How To Manually Review the ETL Output

Your organization may require a manual review of all ETL output before uploading to the AWS cloud.

That can be supported easily enough with a two-step ETL process.

First ETL Step: Generate Human-Readable Files

Follow the normal ETL flow, but:

  • Make sure to pass --output-format=ndjson to cumulus-etl
  • Use a local output folder (we don’t want this data in the cloud until we’ve reviewed it)
    • Remember that Docker will require that local folder to be mapped outside of its container with something like --volume /outside/path:/inside/path

This will drop all ETL results as ndjson files in the target folder.

Manual Review

These ndjson files are human-readable (though not entirely pleasant) and/or can be processed with standard json tools.
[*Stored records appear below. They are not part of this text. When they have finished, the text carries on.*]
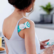 Praktisk TENS maskine til smertelindring i skuldre, arme, ben og ryg. Enheden er batteridrevet og designet til at blive båret diskret under tøjet med 12 forskellige intensitetsniveauer at vælge imellem.
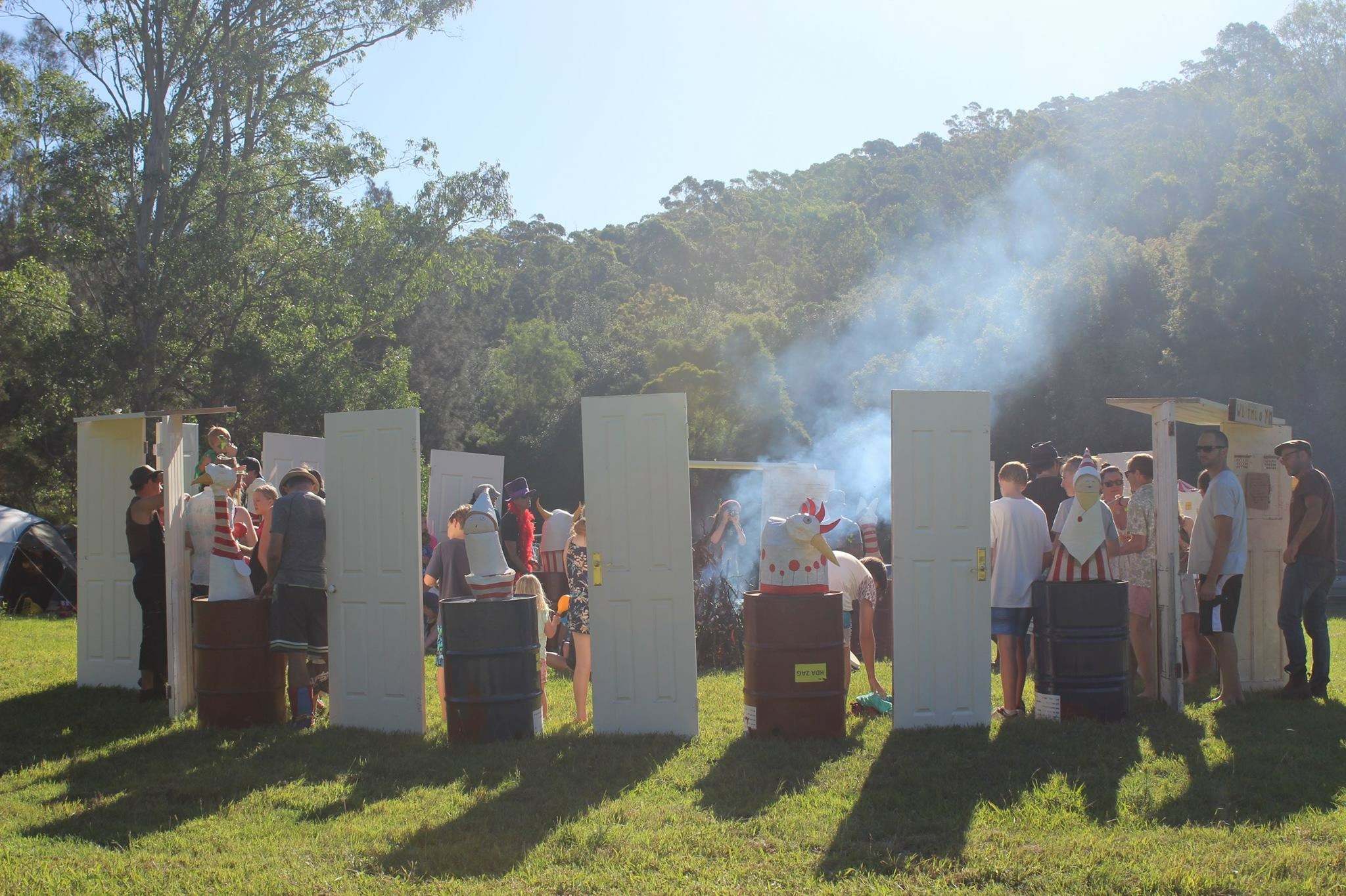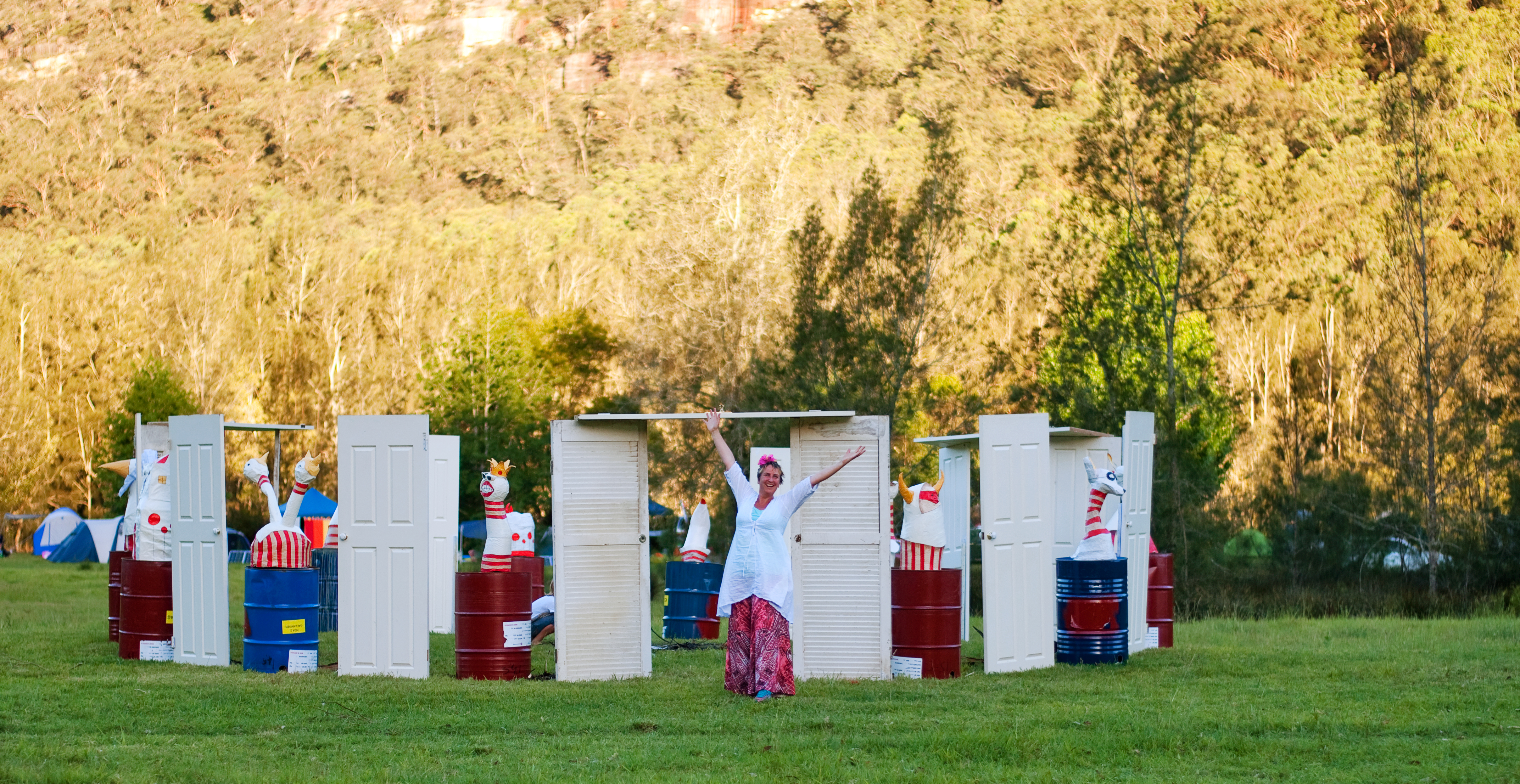 The concept was to recreate the original temple, Stonehenge, in a quirky form as Doorhenge. Between each door was a template guardian. Each year, the configuration was slightly different, and the symbolism of the ‘guardians’ changes. I created different sets of temple guardians in response to the Wild Yam theme:
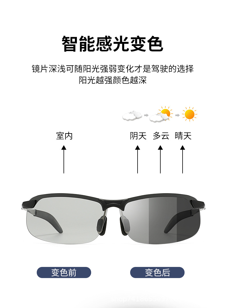 夏季锌合金太阳镜智能感光变色户外钓鱼骑行休闲日夜两用墨镜批发
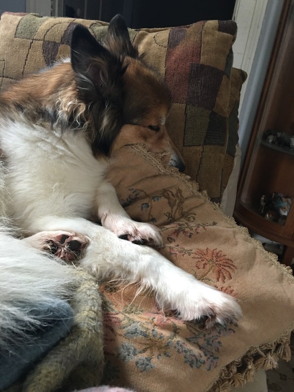 This is Zeke shortly after we returned from our walk and training. When the lady stopped in the van, he wasn’t sure if this was ok or if he should protect me. I told him it was alright and as the lady and I talked, Zeke relaxed. He was a good boy. This was a relief because he can sometimes be reactive to people or dogs that he does not know. But his response this time was just right. All the activity and decision making apparently wore him out. He needed a nap, so crashed on the living room couch with his head on the pillow.
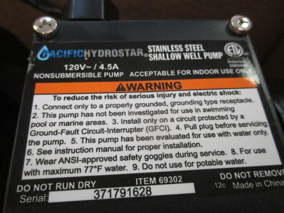 Pacific Hydrostar 1 Horsepower Shallow Well Pump Looks New
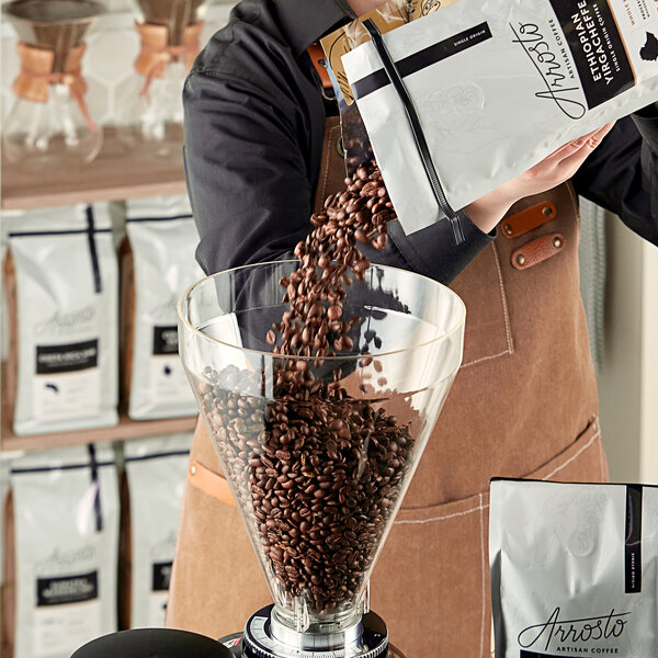 This medium roast coffee is ideal for pour-over or French press brewing methods. For a perfect pour-over, grind the beans to a medium-fine consistency, then simply pour water 30 seconds off a boil (205 degrees Fahrenheit) over them. You can prepare this coffee in commercial brewers to create large batches to keep on hand for the morning rush, or offer it in an individual pour-over coffee maker for an individualized artisan coffee experience that will please even the most discerning coffee lovers. Using a French press to brew this coffee is a wonderful way to extract the roasted toffee notes created by the long, slow roasting process! Grind the beans coarsely and pour just enough water 30 seconds off a boil (205 degrees Fahrenheit) over them to saturate all the grounds. Allow this slurry to bloom for 30 to 40 seconds before filling your French press all the way up and allowing it to steep for 3 to 4 minutes before plunging the grounds down. No matter how you choose to prepare it, serving this Arrosto Ethiopia Yirgacheffe coffee in your establishment is a testament to your discerning taste that will keep your patrons coming back for more!
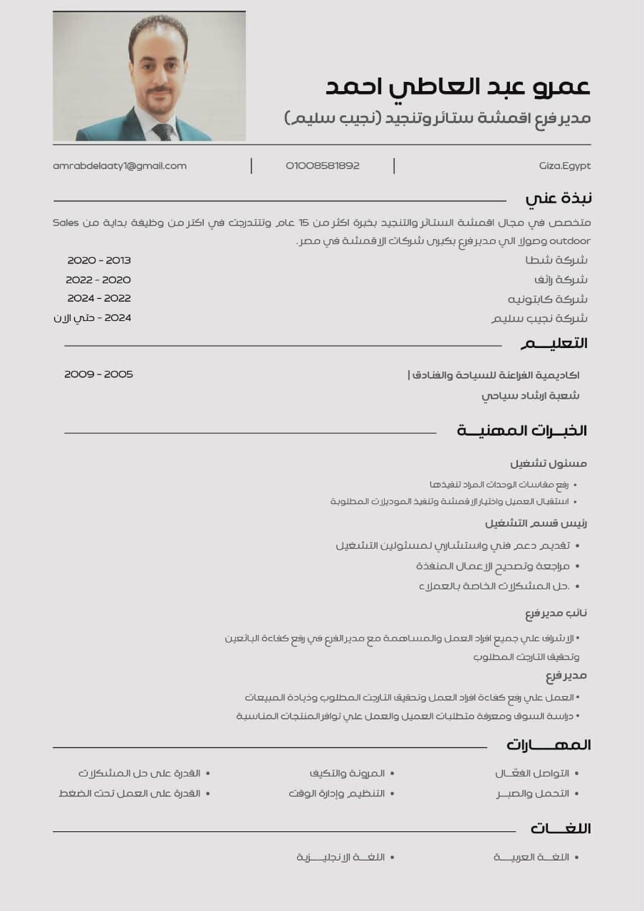Sales & Operations Supervisor with 15 + years in fabrics and curtains. Expert in strategic sales planning, team leadership, and achieving targets. Proven track record in managing daily operations, optimizing costs, and driving workflow efficiency. Skilled in business development, client retention, and staff training to maximize market share and ensure the achievement of corporate goals
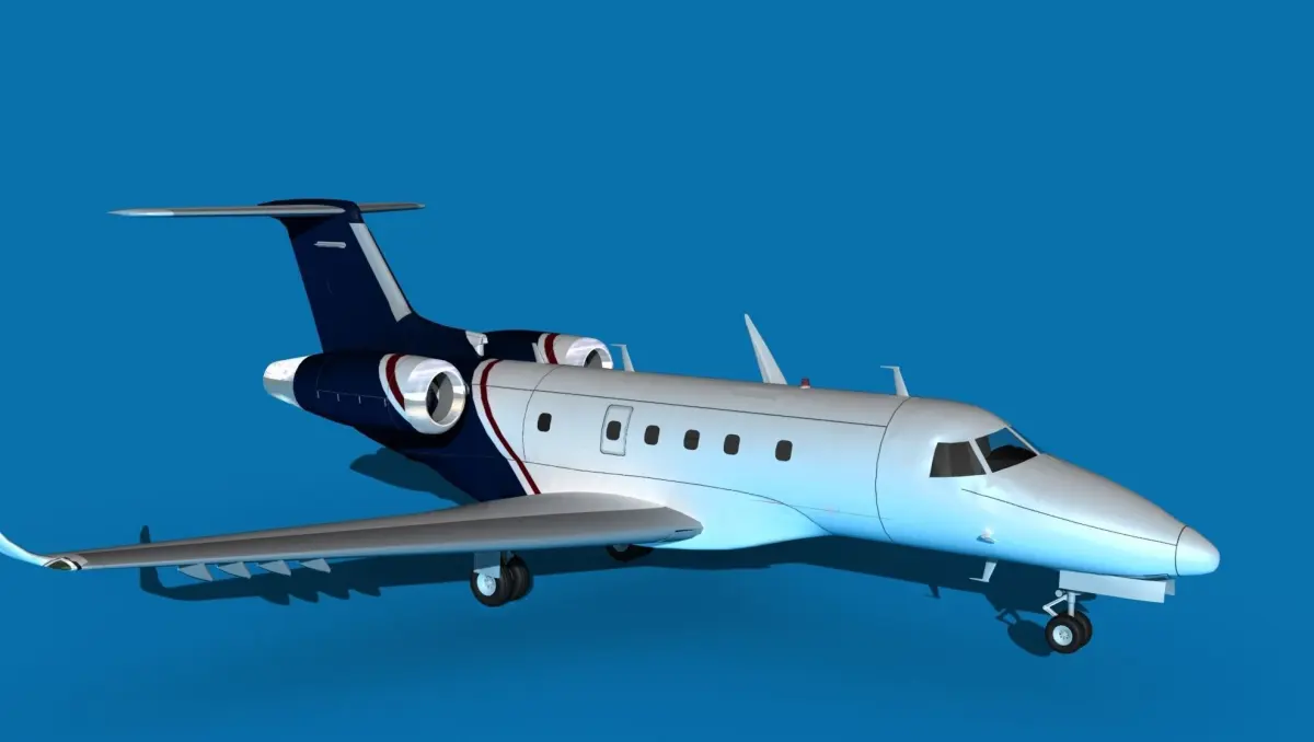 Originally a further development of Embraer Legacy 500 and 600s, it features a 6 foot tale cabin interior, flat floor cabin, stone flooring and a vacuum service lavatory. It also had fly by wire, nice range of 2900NM, and accommodations up to 9 or 12 depending on configuration. It first flew in 2012.This model was built near to scale in real units and built based on drawings, photos, and other documents. This model has a moderately detailed cockpit and the following animateable features; ailerons, elevators, rudder, and wheels. These models render very well and look very realistic using good animation, lighting and rendering technique. It can be used in an animated or static position within a scene, animation or animated video, or possibly programming for a flight simulation application. This model was not designed for 3d printing, these are to be used as digital files only. If you purchase one for digital printing we do not guarantee that your print will be successful.Exporting of models is limited but good for several software applications. This model is fully textured with all materials UVW mapped and applied. Most materials are planar mapped and major materials include texturing. All textures and materials are included as shown. Objects are logically named for ease of scene management.No cleaning up necessary, just drop your models into the scene and start rendering.No special plug-ins are needed to open scene.In most cases the liveries are based on actual service liveries or paint schemes. Many of the units, airlines or countries who flew the plane are represented here. Dreamscape Studios is a US 3d modeling firm specializing in building high definition, accurate, and detailed 3D models of commercial, civilian, and military airplanes, ships, buildings and other subjects.Dreamscape 3d models are built in ultra-low to ultra-high polygon count, (most often) near to scale and include a good amount of detail based on the resolution target. If you have a question, error or problem with the model, let us know and we will do our best to provide or get a solution for you. Be advised our models are not designed for 3d printing unless they are advertised for that purpose.
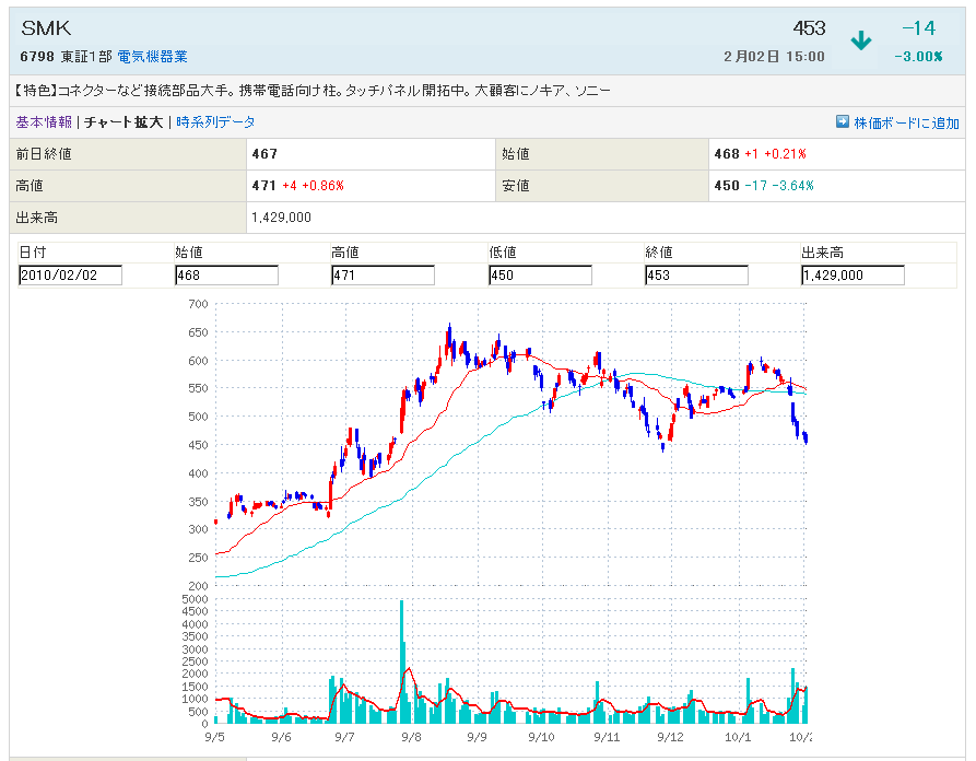 ゆうべ液晶モニターを修理してて、SMKの部品がついてたのでチャートを見たら買いだなーっておもっちゃいましたぁ!
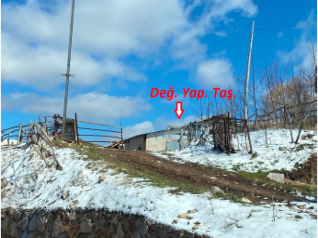 Özellikler: 104 ada 422 parsel 5435,05 m2 yüzölçümüne sahip olup. "Ahır ve Tarlası" vasfındadır. Parsel geometrik olarak amorf formda, eğimli bir topografik yapıya sahiptir. Kuzeybatı cephesinden imar yoluna 130 m cepheli olup. parsel derinliği 45 m dir. Parsel üzerinde kadastro paftasında işli vaziyette ahır binası bulunmaktadır. Parsele ait mimari proje ahir, bakıcı evi, yem deposu ve gübre çukuru için hazırlanmış olup, mahallinde sadece ahının inşa edildiği gözlemlenmiştir. Parsel üzerinde ruhsatlı olarak inşa edilmiş ahir binası, 13,95 x 49,50 m ebatlarında olup, 690m2 alanlıdır. Mimari projede ahir ile irtibatlı 190 m2 alanlı açık gezinti alanları bulunmaktadır. Parsel üzerindeki yapı kadastral paftaya işli vaziyettedir. Ahir binası Çelik tapi sisteminde inşa edilmiş olup, duvarları briket ile örülmüştür. Kaplama yapılamamıştır .Projesindeki yapılardan sadece ahırın bulunduğu ve bu yapının projeye uygun inşa edildiği bilinmektedir.
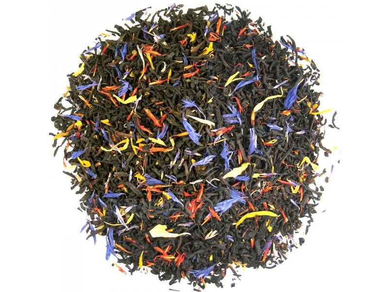 Zwarte thee, saffloerbloesem, korenbloembloesem, goudsbloembloesem, aroma.
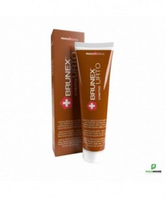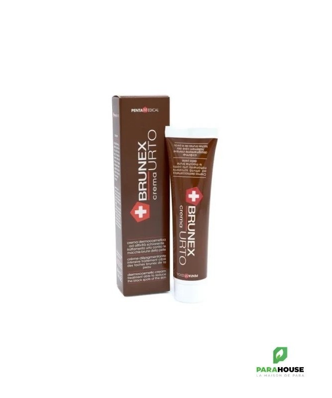 BRUNEX Urto Creme Dépigmentante 30ML Brunex Urto est une crème dépigmentante contre les mélasmas et tâches brunes. Elle contient l'actif dépigmentant, nouvelle génération, l'acide phtalimmido-perssicaproic. Brunex Urto est efficace sans agression de l'épiderme. Les premiers résultats seront visibles après environ 3 semaines. Pour les tâches brunes des mains il faut appliquer 3 fois par jour. Après le traitement d'attaque BRUNEX URTO, il est nécessaire d'utiliser la crème d'entretient dépigmentante BRUNEX pendant 2 mois afin de compléter le traitement. Conseils d'utilisation: IL est conseillé d'Appliquer la crème Brunex Urto le soir avec un léger massage pour accélérer la pénétration. Les premiers résultats sont visibles au courant de la troisième semaine du traitement. Dans les cas des tâches sur les mains. Une application plus fréquente est conseillée
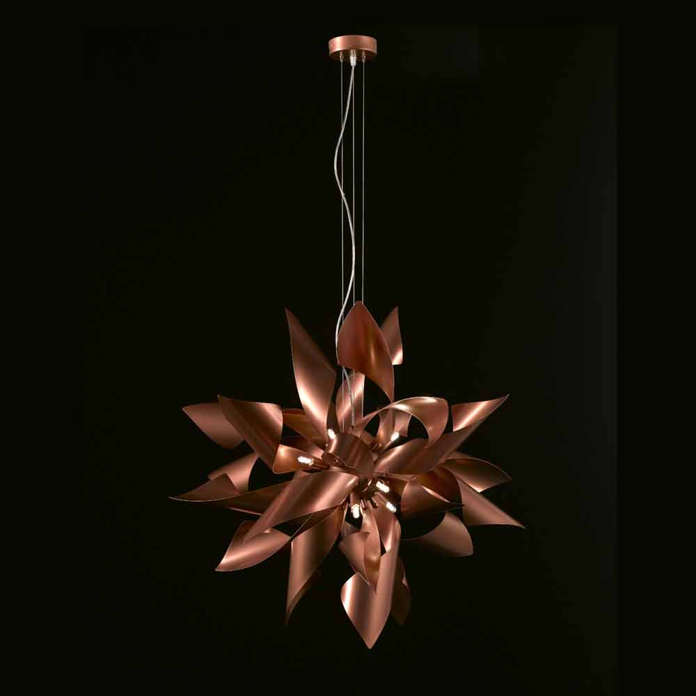 Gengibre é uma coleção surpreendente com dimensões importantes, capaz de enriquecer um ambiente graças à presença de suas muitas bandas que dançam no ar. Sendo totalmente feito de metal, a presença das lâmpadas livres garante um excelente resultado brilhante.
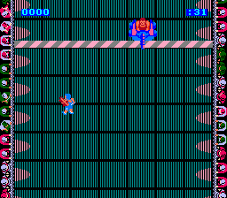 …sort of. To the game itself, the controls are a bit hit-and-miss. There are times where things handle pretty tightly, like in Assault and Joust, but to say that the guys in Powerball handle like they are drunk is an insult to the motor skills of alcoholics everywhere. Moving at incremental 45 degree angles is something that people in most of our family trees won’t do until our aunt misguidedly marries that robot in 2011, but it happens here. To be fair, the Gladiators don’t run around with any more skill, but the movements of all the guys are so random and hard to control that even when you “beat” Powerball, you definitely don’t feel like you earned it. It’s kind of like the lottery game of the same name in that way, except that I’ve seen convenience store clerks who could get up and down the Powerball pitch a lot better than the retarded contestants on this game. The two platform games as alluded to before, are Joust and the Human Cannonball. The I-swear-to-Lace hardest part of the Joust is jumping from platform to platform in your quest to fight the next Gladiator. I understand that this wasn’t a part of the real show and I can see why, as I’m sure there were plenty of unnecessary broken legs that occurred when they actually tried it in real life. The Human Cannonball functions the same way, except that you don’t have to jump to new platforms in between Gladiators. But the face plants that your guy frequently does are painful to everyone in the house, even those not in the same room. I’m pretty sure there are many laws of physics that are ignored in this event, but if anyone is sitting down with an NES GamePak to analyze the faith shown to Newton, they should be returned to their cages at NASA for further geek analysis.
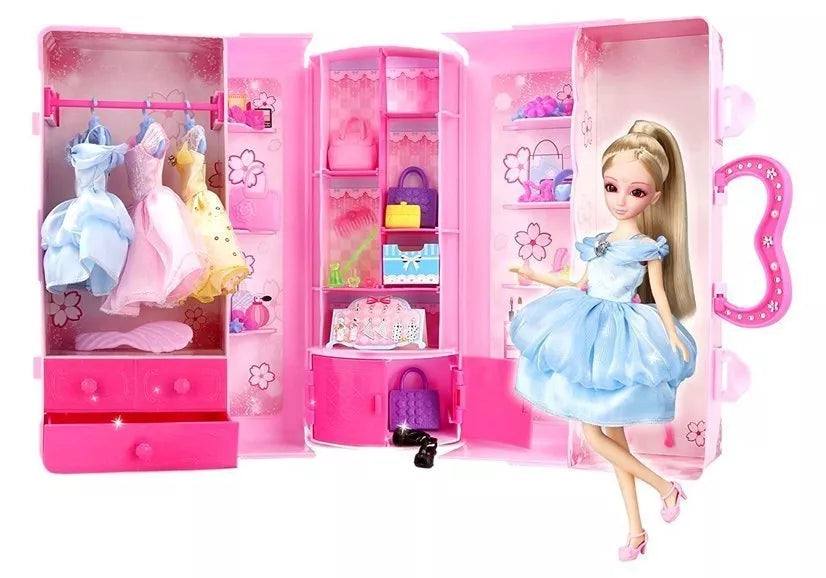 Lėlė, modelis. Drabužių rinkinys. Persirengimas. Papuošalai lagamine

Whatever your organization’s process is, once you are happy with the files, we can upload these files into a Delta Lake in the cloud.

Second ETL Step: Upload Binary Files

We want to convert the local ndjson folders into binary Delta Lake files in your AWS cloud.

Thankfully, there’s a special convert command for that:

docker compose -f $CUMULUS_REPO_PATH/compose.yaml \
  run --volume /path/to/output:/output --rm \
  cumulus-etl \
  convert \
  --s3-region=us-east-2 \
  /output \
  s3://my-cumulus-prefix-99999999999-us-east-2/subdir1/

This will copy over the job logs in the JobConfig file too.

For help on any other flags or options, pass --help.